The NHL has backed off its previous demand of a 24 percent cut on all existing contracts _ a key component of the deal that ended the season-long lockout in 2005 _ but the league is seeking cuts in other ways to make up for that.

“We’re not asking for a rollback,” Bettman said. “We have said that our proposal _ the one that is time-sensitive _ would have a phase-in, and while it contemplates the possible reduction in player share, if you use our estimates it would be under 10 percent. If you use the players’ association’s estimate on revenue growth, it would actually be 7 percent.

“When you factor all of that in, it seems to me that having a work stoppage and damaging (hockey-related revenue) long term really doesn’t make a whole lot of sense.”

Fehr conceded that the phase-in does slow the rate the players would absorb cuts, but not in a significant manner.

“The phase-in in the first year would hit the players a little bit less than the full phase-in, it would reduce the share from 57 to 49 rather than from 57 to 47,” he said. “While it is accurate in a sense that the owners’ proposal does not take quite as much money from the players, somebody might say that they’ve moved from an extraordinary large amount to a really very big amount.”

As he has all along, Bettman insisted that the league will not operate the upcoming season under the current economic plan, and cited damage that will result from an impending lockout as the reason why the current offer won’t be viable after this weekend.

“What we would be prepared to do now to make a deal before there is extensive damage is not the same that we will be prepared to do in the event we get to a point where we have suffered the damage,” Bettman said. “We looked at their proposal. It was clear that there wasn’t very much movement at all.”

Elsewhere, the union filed an application with Quebec’s labor relations board, along with at least 16 Montreal Canadiens, asking it to declare a lockout illegal in the province. A hearing on the application is scheduled for Friday.

“The players don’t want to see hockey interrupted,” Fehr said. “We believe under Quebec law, a lockout would not be appropriate and would not be legal, so we are asserting that position. We would like to think that is consistent with the interests of the fans and eventually consistent with the interests of the owners.

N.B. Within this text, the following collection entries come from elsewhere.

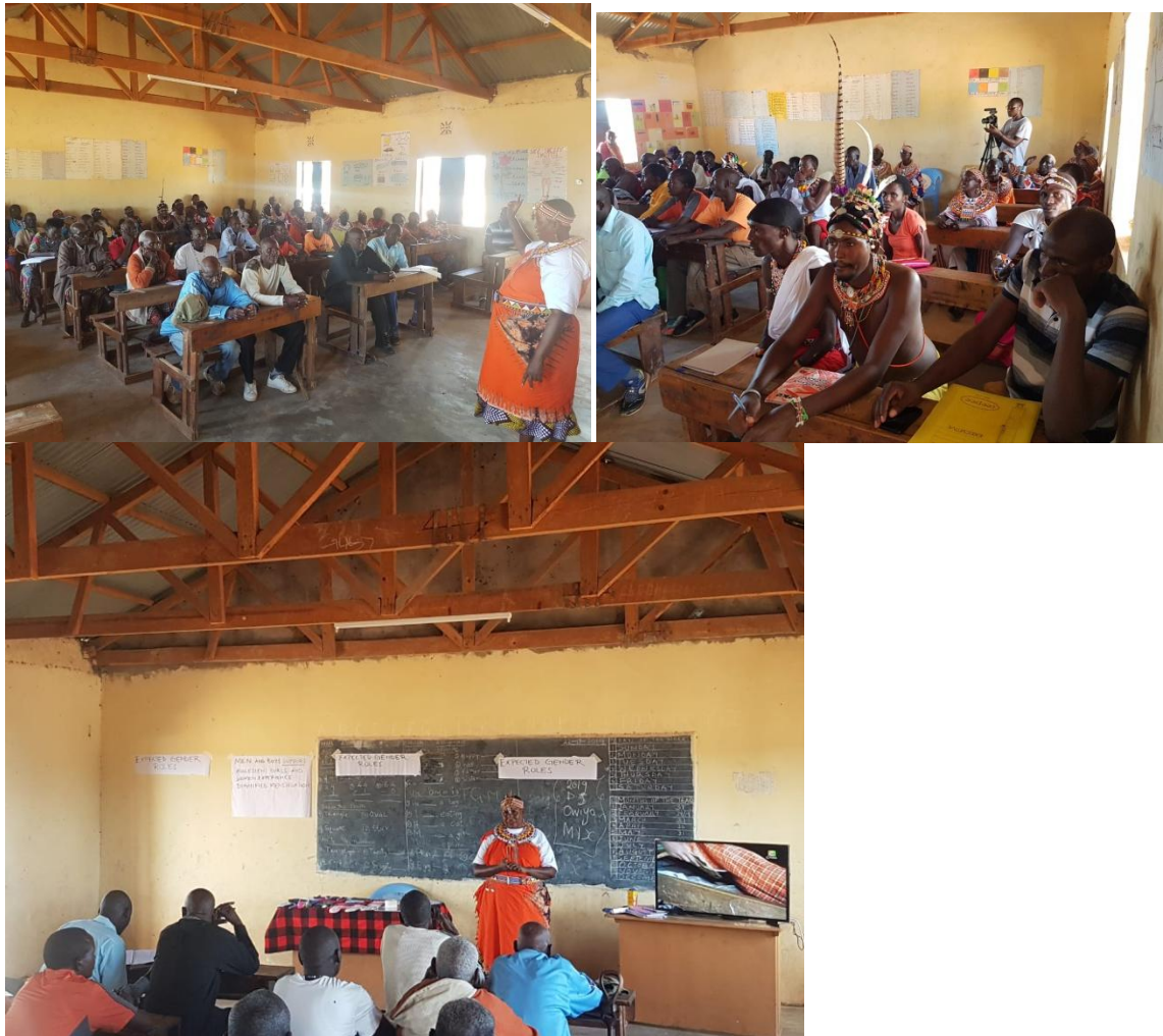
Fig 9: Workshop on Cultural Change held in Umoja Muehlbauer Academy on Wed 27 th Nov 2019 and Thur 28 th Nov 2019.

The essence of the workshop was to elicit men-based workshop to achieve rethinking processes among men who are strongly attached to the traditional way of life and to create a positive ripple effect of the gender message across the society and in the spirit of leave no one behind, and anchoring intervention on SDG 5(Gender Equality) and SDG 10(Reducing inequalities).
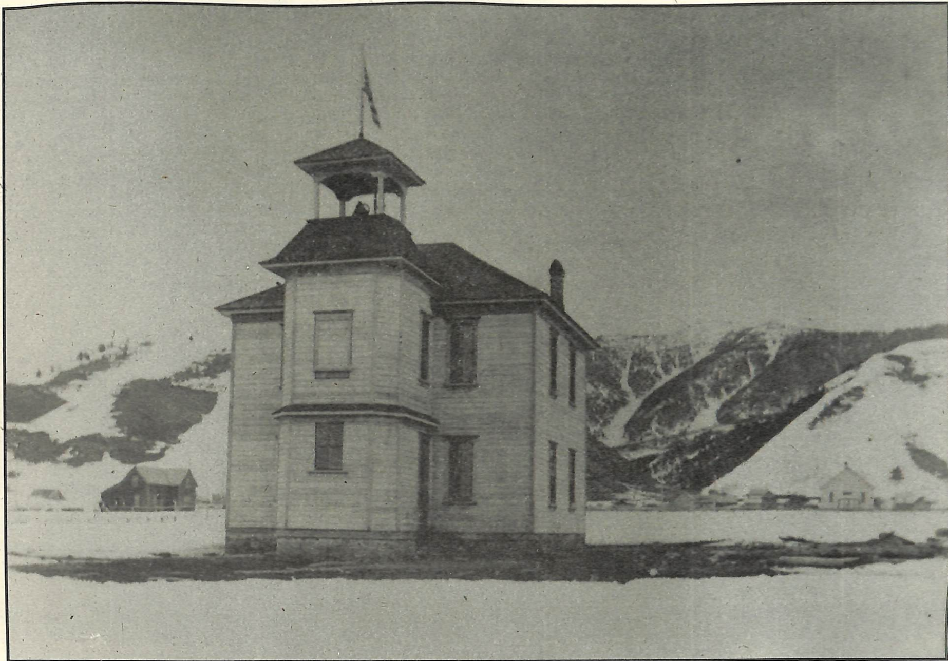
Grover School House built in 1900-1901. Gave 24 years of service.
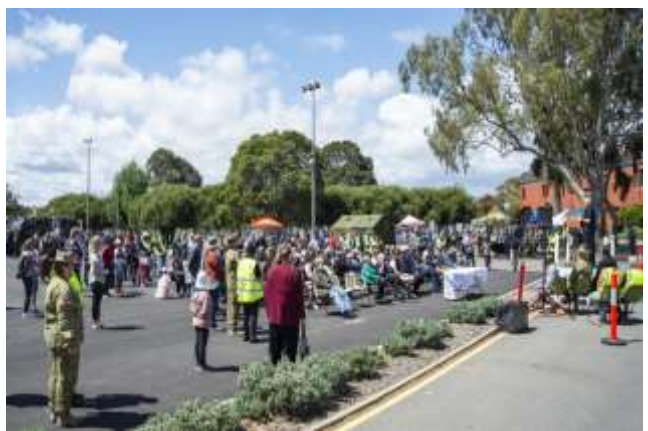
Crowd assembling for the birthday celebrations and cake cutting
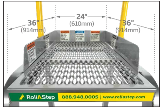
▲ Six square feet of work area is roomy enough for an operator, tools and parts.
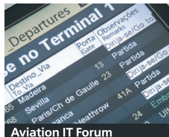
Aviation IT Forum

For more information please contact: +7 495 651-94-35 events@ato.ru www.events.ato.ru
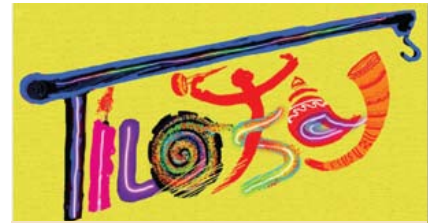
The TILOTSAV Icon
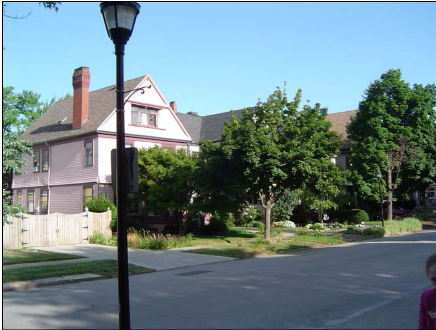
Figure 4-5. West side streetscape of Norwood Avenue from the corner of West Ferry Avenue.
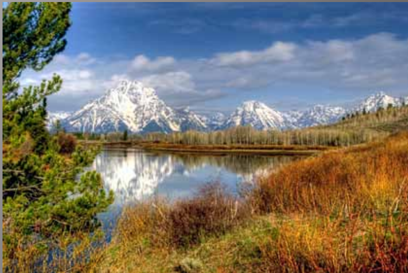
3rd - Reb Orrell "Grand Tetons"
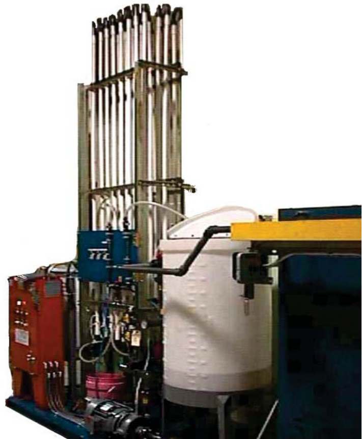
HTUF-24 1" Tubular Membrane

PRAB utilizes the latest and best-available technologies when designing ultrafiltration systems. Depending on the application, we will select hollow fiber, tubular, or other types of membranes.
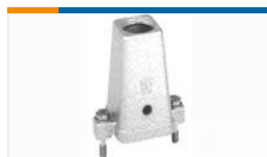
TE Part #1106402-3 EMV-K.3/4.STO.1.M20.G
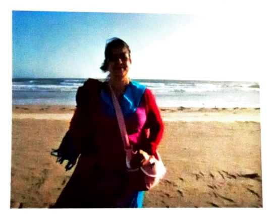
On the sea beach of California
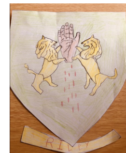
Jesse R's coat of arms

Woodthorne Road South, Tettenhall, Wolverhampton, WV6 8XL
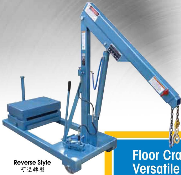
Reverse Style 可逆轉型
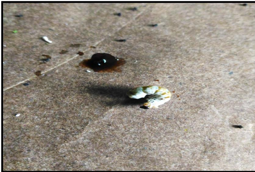
Plate.1 Third instar silkworm larval mortality in the treatment flonicamid 50 WG @ 0.3 g/l

*Significant at 5 %, NS – Non significant, DAS - Days after spraying.
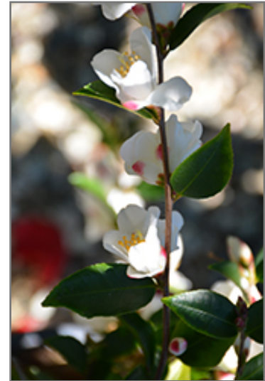
Mt. Noko Camellia flowers

Mt. Noko Camellia is recommended for the following landscape applications;
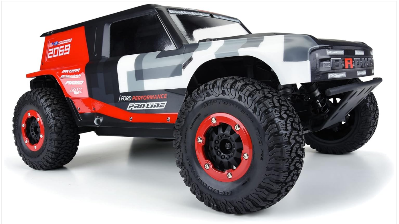
Image: The Pro-Line Ford Bronco R body mounted on a remote control short course truck, viewed from a front angle.

Align the body with your short course truck's body posts. Mark and drill holes for the body posts. It is recommended to use extended body mounts for optimal fitment, especially with larger tires. Secure the body using body clips.
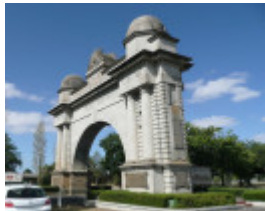
AVENUE OF HONOUR AND ARCH OF VICTORY SOHE 2008
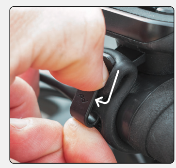
2. Lift Keeper Hook away from Silicone Band.
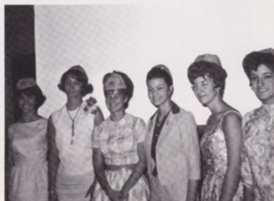
After the Interview
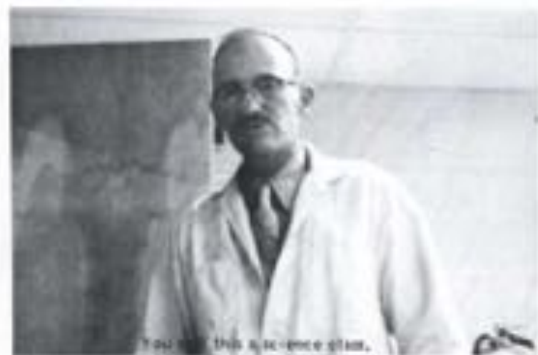
You see this science glass.

“We’ll let the legal proceedings take care of themselves.”

What makes this week unusual _ in addition to the looming deadline _ is the number of players on hand. It will indeed be the offseason’s biggest show of force. Pittsburgh captain Sidney Crosby, one of the league’s biggest stars, is one of them. He skated on Tuesday with some of his Penguins teammates in suburban Pittsburgh before traveling to New York.

“We’re not in position to make a judgment as to whether this is going to be productive. We have to wait and see,” Fehr said. “Every day is in some sense more important than the last one.

“You can only make a deal when people are ready to make a deal.”